= Beginning of Section =
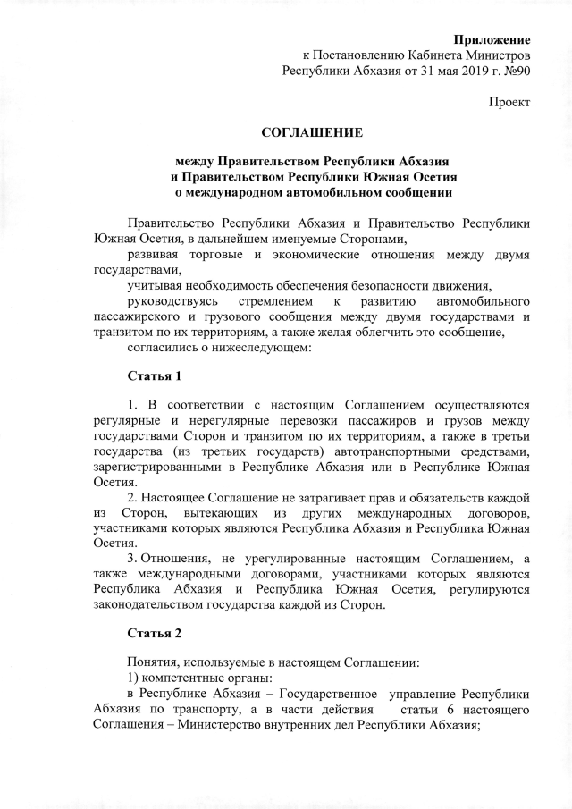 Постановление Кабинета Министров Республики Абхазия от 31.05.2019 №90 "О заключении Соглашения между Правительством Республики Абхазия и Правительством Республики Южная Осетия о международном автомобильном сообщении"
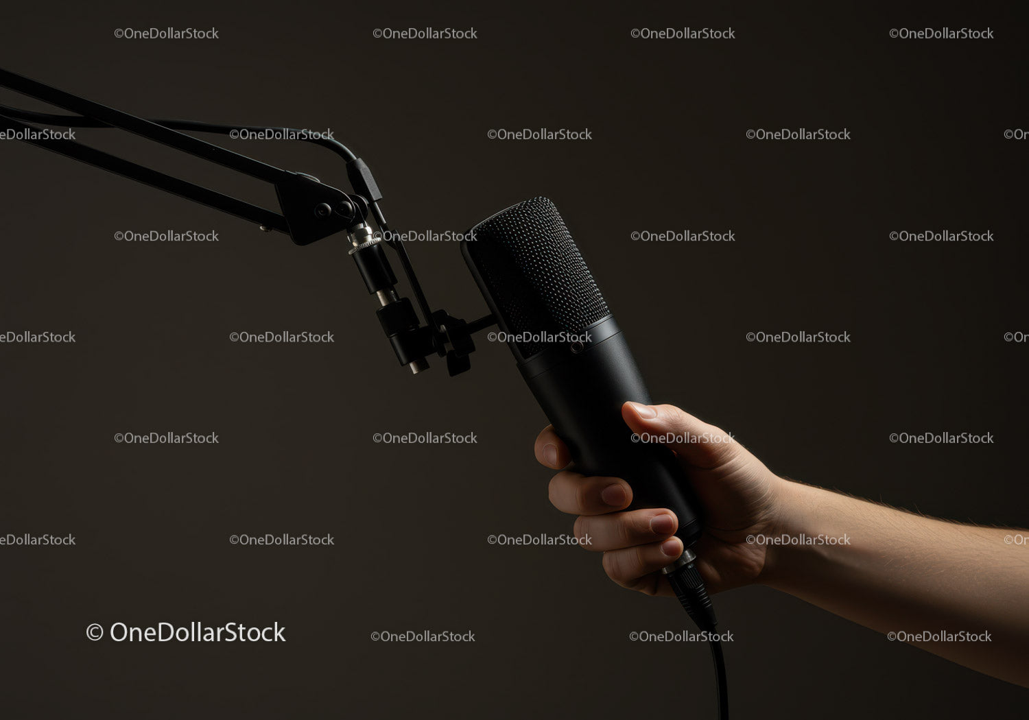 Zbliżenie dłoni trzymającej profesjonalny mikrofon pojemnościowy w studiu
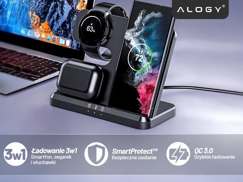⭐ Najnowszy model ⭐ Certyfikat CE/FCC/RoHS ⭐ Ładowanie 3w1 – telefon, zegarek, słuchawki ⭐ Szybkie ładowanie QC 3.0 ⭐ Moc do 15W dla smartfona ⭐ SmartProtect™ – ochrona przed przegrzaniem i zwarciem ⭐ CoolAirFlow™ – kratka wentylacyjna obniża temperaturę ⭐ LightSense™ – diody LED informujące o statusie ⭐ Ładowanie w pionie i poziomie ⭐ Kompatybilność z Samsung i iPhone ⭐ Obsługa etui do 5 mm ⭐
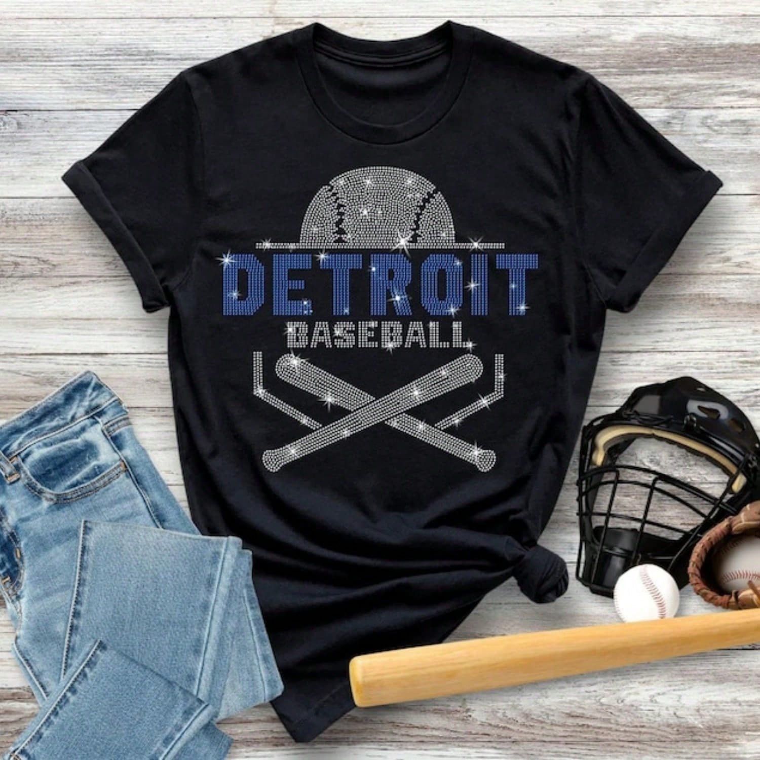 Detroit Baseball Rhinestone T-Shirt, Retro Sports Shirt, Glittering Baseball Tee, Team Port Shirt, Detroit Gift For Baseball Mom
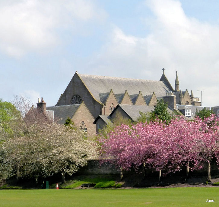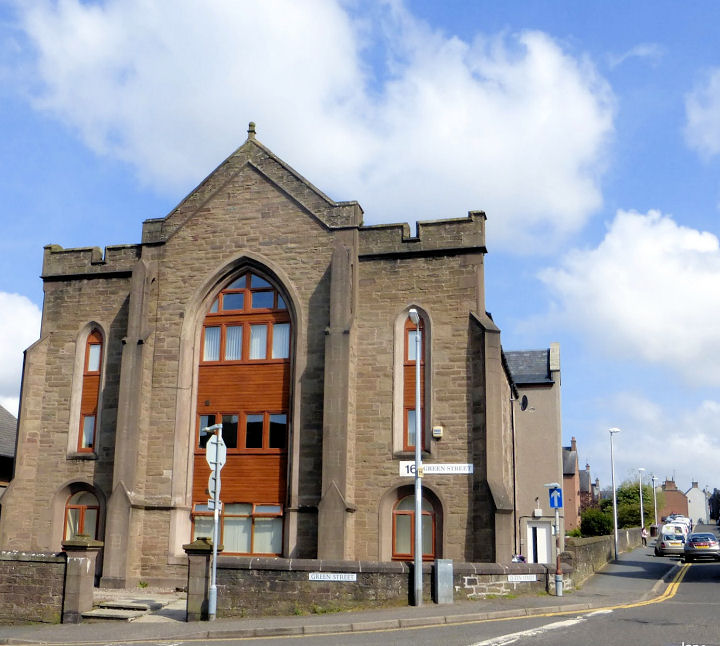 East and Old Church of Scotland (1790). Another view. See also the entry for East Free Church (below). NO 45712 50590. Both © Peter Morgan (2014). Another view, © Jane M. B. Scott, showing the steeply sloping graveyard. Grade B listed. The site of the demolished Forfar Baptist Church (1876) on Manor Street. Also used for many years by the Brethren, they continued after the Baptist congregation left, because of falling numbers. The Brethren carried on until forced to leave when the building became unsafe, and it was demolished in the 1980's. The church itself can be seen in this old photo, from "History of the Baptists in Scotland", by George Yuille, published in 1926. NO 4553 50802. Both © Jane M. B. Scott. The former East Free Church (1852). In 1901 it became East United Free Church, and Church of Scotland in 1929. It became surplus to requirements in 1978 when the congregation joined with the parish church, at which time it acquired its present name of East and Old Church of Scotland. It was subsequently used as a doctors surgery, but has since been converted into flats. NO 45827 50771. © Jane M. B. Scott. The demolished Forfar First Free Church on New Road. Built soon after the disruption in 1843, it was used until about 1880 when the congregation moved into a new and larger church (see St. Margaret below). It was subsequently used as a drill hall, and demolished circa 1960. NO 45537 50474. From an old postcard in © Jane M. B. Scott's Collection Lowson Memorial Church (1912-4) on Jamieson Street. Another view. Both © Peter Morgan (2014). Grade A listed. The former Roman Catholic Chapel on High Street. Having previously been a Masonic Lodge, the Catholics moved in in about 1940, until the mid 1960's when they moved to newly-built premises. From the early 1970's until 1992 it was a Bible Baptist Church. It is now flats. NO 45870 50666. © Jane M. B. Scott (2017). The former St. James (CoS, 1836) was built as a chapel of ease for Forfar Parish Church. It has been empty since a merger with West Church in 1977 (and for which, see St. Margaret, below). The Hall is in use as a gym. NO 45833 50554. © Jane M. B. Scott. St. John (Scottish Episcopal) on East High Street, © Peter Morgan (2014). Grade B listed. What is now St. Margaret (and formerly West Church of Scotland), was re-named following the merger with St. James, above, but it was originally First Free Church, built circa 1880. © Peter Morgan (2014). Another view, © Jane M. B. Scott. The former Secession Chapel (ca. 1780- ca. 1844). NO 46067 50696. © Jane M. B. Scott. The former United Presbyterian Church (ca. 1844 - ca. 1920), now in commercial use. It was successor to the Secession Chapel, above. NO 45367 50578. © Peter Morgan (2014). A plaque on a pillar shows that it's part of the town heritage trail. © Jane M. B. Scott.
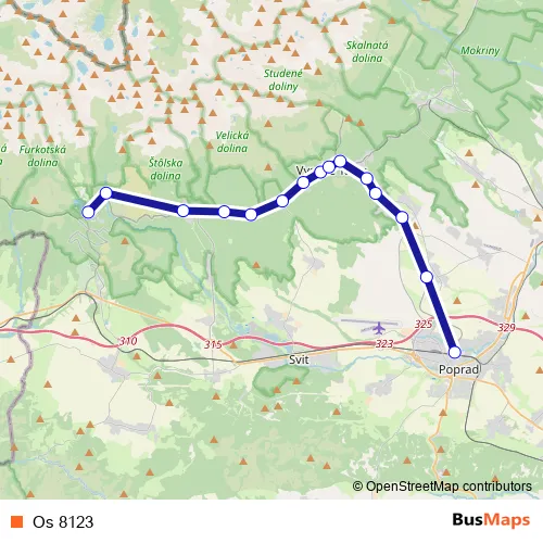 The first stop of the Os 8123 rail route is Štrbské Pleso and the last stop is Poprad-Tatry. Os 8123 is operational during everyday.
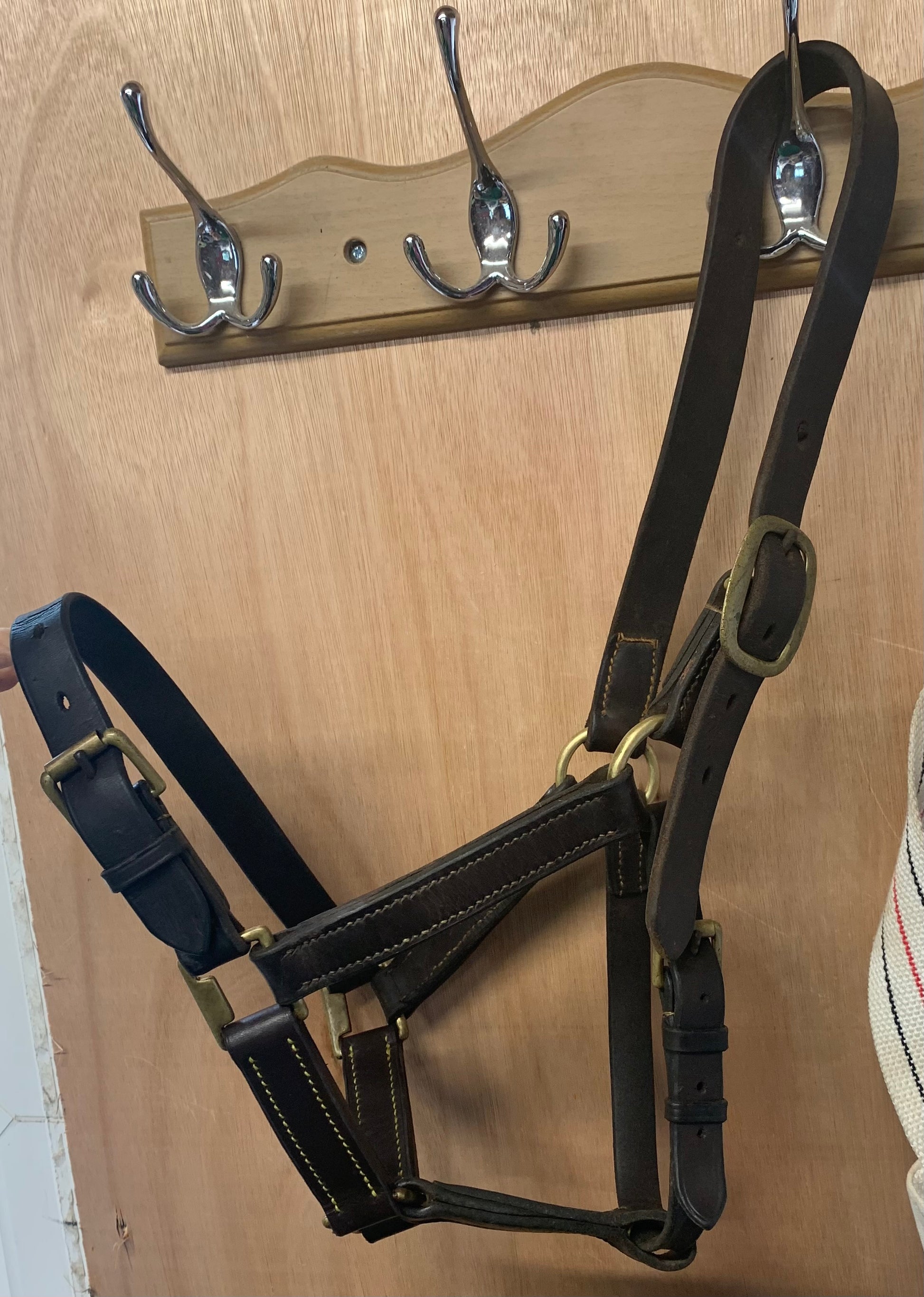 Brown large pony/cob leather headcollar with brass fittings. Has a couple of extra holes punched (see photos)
= End of Section =
◆ **Action item**: Write out exactly the lines of the material above, starting with the first and finishing with the line that contains "Zbliżenie dłoni trzymającej", without pictures.

◆ **Output**:
 Постановление Кабинета Министров Республики Абхазия от 31.05.2019 №90 "О заключении Соглашения между Правительством Республики Абхазия и Правительством Республики Южная Осетия о международном автомобильном сообщении"
 Zbliżenie dłoni trzymającej profesjonalny mikrofon pojemnościowy w studiu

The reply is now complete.